Justin Mason wrote:
Daryl C. W. O'Shea writes:
The zone's nightly-mc corpus (uploaded corpora) are this big (in KB):
2 /export/home/bbmass/rawcor/doc
19760 /export/home/bbmass/rawcor/fredt
6764040 /export/home/bbmass/rawcor/jm (mostly spam, since May 2007)
209393 /export/home/bbmass/rawcor/zmi
so that's pretty big. In terms of disk space usage, that probably
wouldn't take much space to cp -al; but it'd take a fair bit of time,
esp on the zone, which has serious I/O bottleneck problems.

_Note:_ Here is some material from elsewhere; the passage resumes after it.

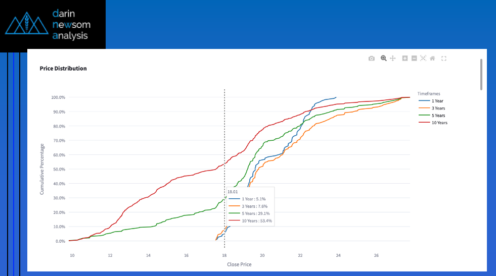 Early Tuesday morning shows: Nov25 priced near $10.30 and Nov26 priced near $10.41 Price Distribution: Neutral-Bullish Nov25 (green column) priced at $10.3025 put it in the lower 37% of the [...]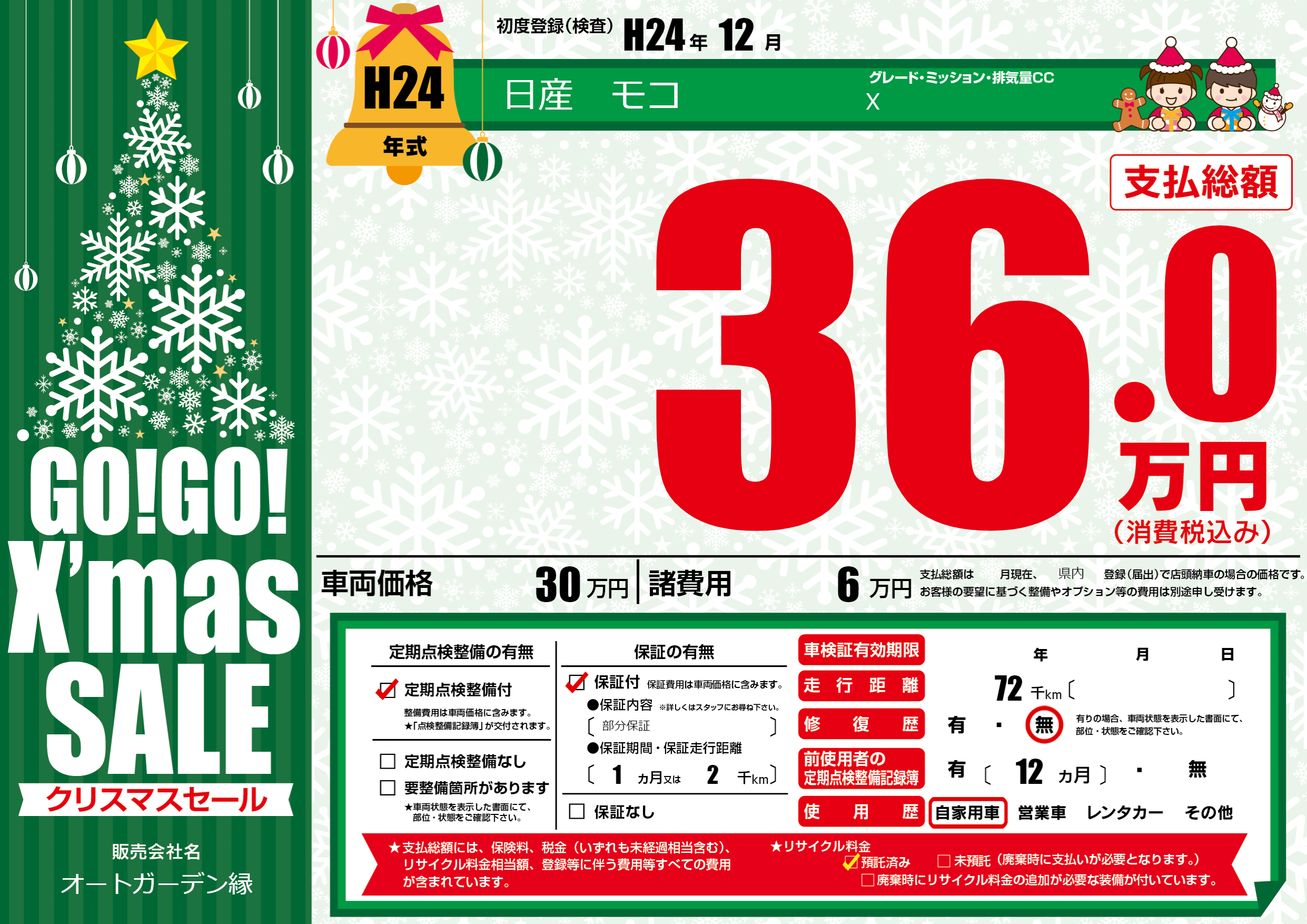 | 車名 | 日産 モコ | グレード ミッション 排気量 |

As an aside, if bandwidth is free, the whole mass-check will run quite a
bit faster if you rsync the corpus to each of the slaves. Of course
that assumes you've got the disk space and i/o to spare (i/o you may
already have if /tmp isn't a ramdisk).
yeah, rsyncing about 7GB of corpora, nightly, would definitely be slow ;)
Not really, it's probably less than 100MB change a day. My current
personal spam corpus is 2.1 GB over the last 60 days. Rsync'ing it
nightly with my 128kbit upload speed doesn't take very long. If the
objective is to get our disk i/o usage down on the zone this would make
a serious difference.
Daryl